┏━━
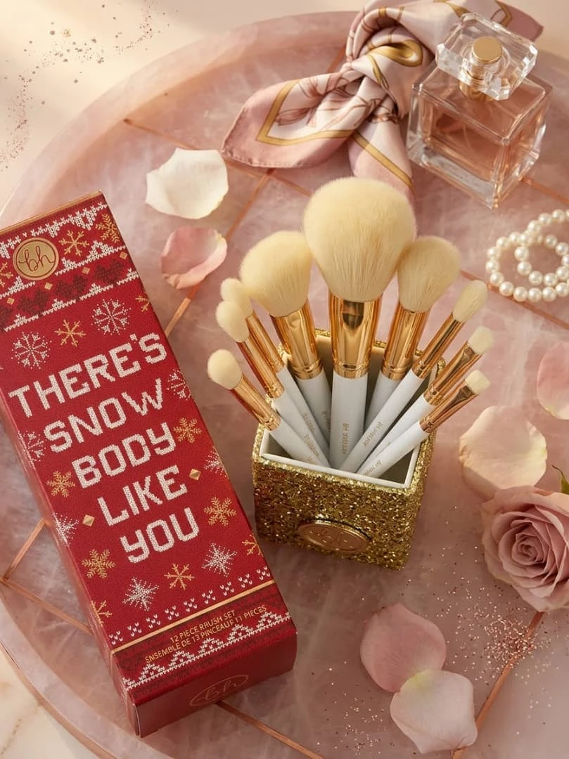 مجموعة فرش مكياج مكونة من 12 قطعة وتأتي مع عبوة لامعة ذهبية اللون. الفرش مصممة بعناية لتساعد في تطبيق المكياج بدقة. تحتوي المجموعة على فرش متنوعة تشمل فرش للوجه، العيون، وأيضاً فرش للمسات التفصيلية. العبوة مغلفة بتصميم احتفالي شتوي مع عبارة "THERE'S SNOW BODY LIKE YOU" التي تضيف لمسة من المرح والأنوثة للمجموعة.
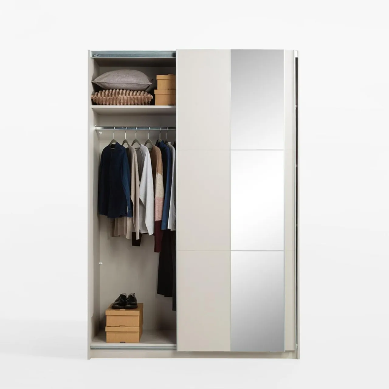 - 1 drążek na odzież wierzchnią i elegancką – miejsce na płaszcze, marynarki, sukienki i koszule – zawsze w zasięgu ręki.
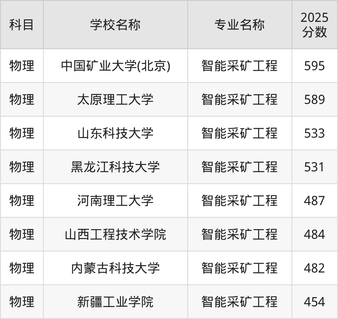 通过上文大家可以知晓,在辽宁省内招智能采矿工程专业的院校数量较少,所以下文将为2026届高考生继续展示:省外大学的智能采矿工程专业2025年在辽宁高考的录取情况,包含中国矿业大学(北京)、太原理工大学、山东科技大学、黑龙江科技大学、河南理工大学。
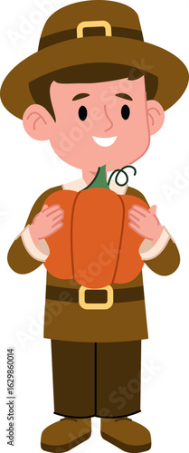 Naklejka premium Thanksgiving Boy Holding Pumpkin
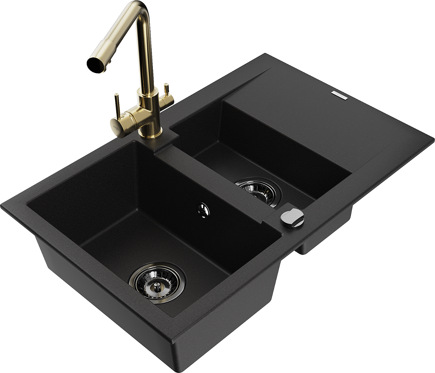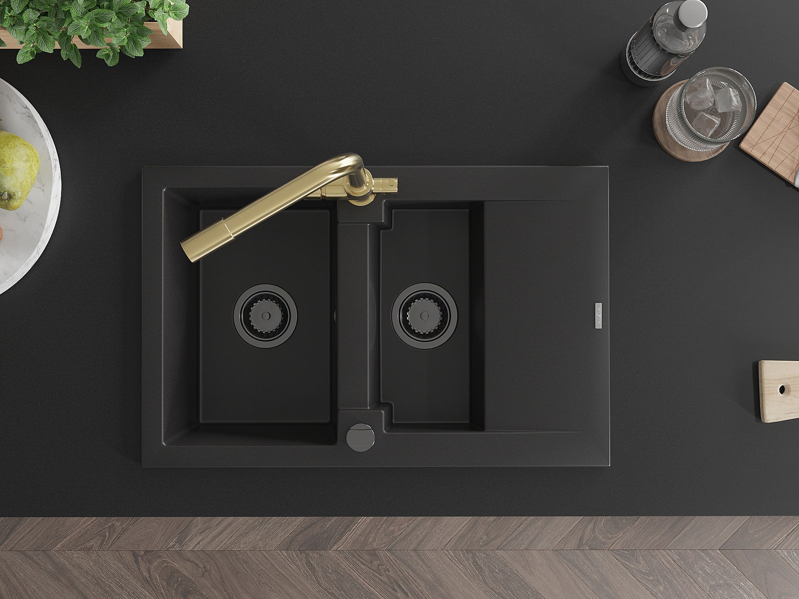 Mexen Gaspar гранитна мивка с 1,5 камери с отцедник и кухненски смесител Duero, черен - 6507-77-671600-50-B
┗━━
┏━━
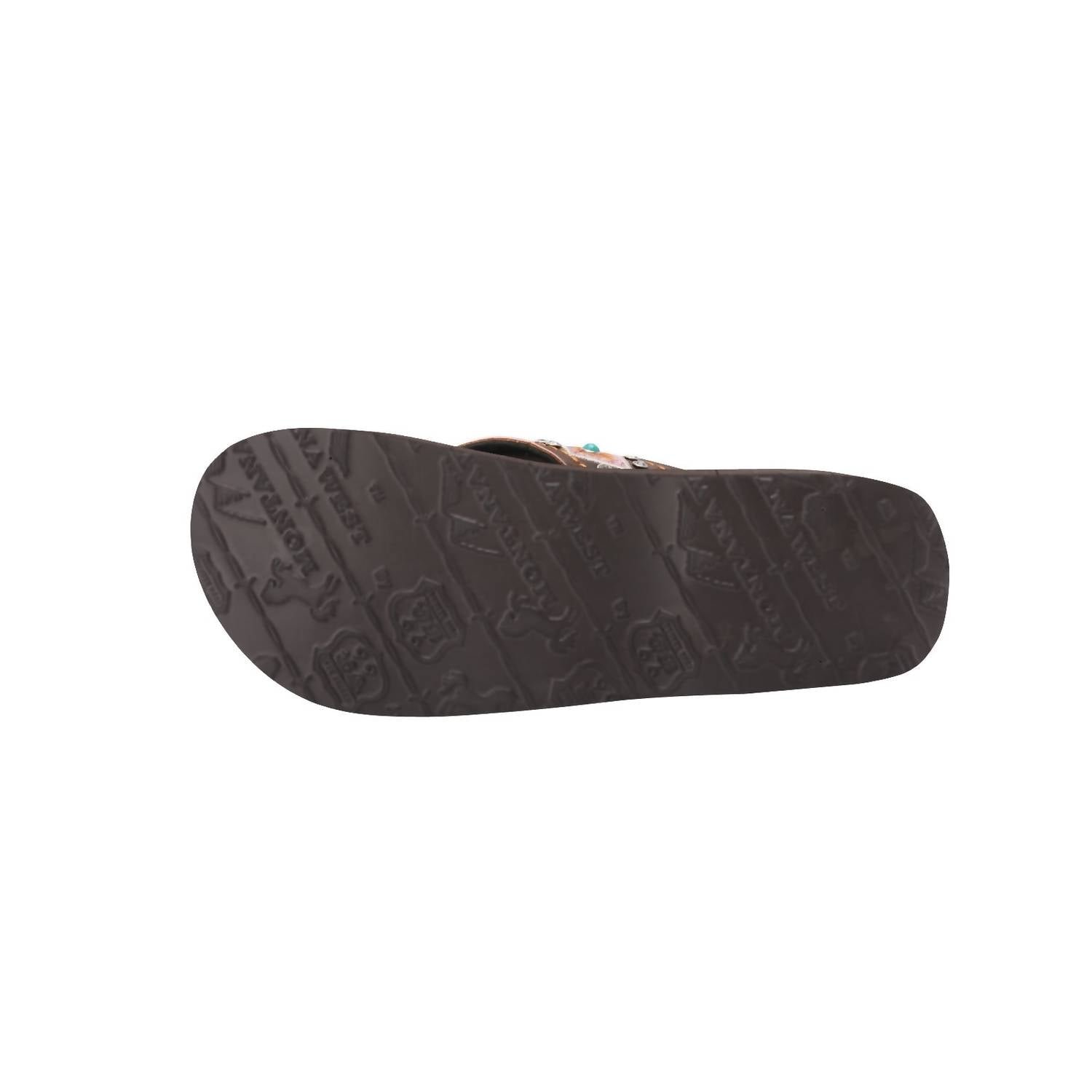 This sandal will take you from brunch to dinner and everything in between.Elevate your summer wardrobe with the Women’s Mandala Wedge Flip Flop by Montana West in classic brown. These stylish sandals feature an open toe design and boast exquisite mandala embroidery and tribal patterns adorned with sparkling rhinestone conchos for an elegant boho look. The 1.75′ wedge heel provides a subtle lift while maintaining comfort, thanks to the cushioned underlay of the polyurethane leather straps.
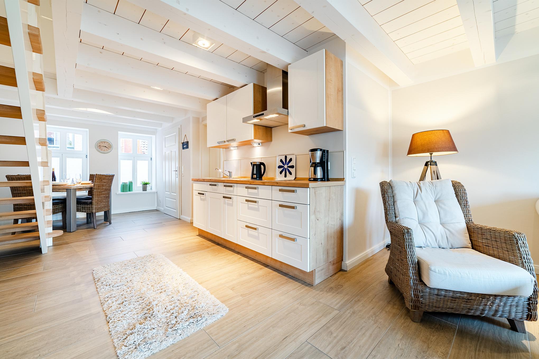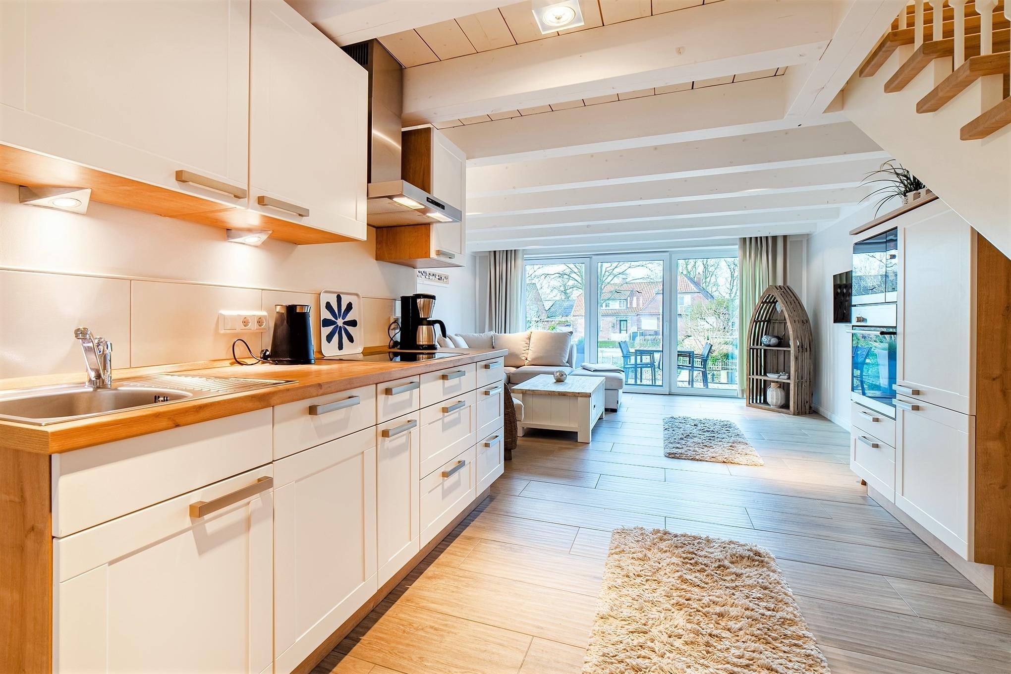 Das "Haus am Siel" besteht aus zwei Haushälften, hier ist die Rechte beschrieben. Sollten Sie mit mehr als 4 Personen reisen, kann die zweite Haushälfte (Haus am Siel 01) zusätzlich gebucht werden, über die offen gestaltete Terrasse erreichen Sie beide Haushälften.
┗━━
┏━━
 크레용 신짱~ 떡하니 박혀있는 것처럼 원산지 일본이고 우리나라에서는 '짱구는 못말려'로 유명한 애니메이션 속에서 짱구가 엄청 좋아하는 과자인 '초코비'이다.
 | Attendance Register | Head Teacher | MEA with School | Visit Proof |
┗━━
Take the lines above from the one containing "크레용 신짱~ 떡하니" down to the one containing "Visit Proof |", and transcribe them exactly, both ends included.

 크레용 신짱~ 떡하니 박혀있는 것처럼 원산지 일본이고 우리나라에서는 '짱구는 못말려'로 유명한 애니메이션 속에서 짱구가 엄청 좋아하는 과자인 '초코비'이다.
 | Attendance Register | Head Teacher | MEA with School | Visit Proof |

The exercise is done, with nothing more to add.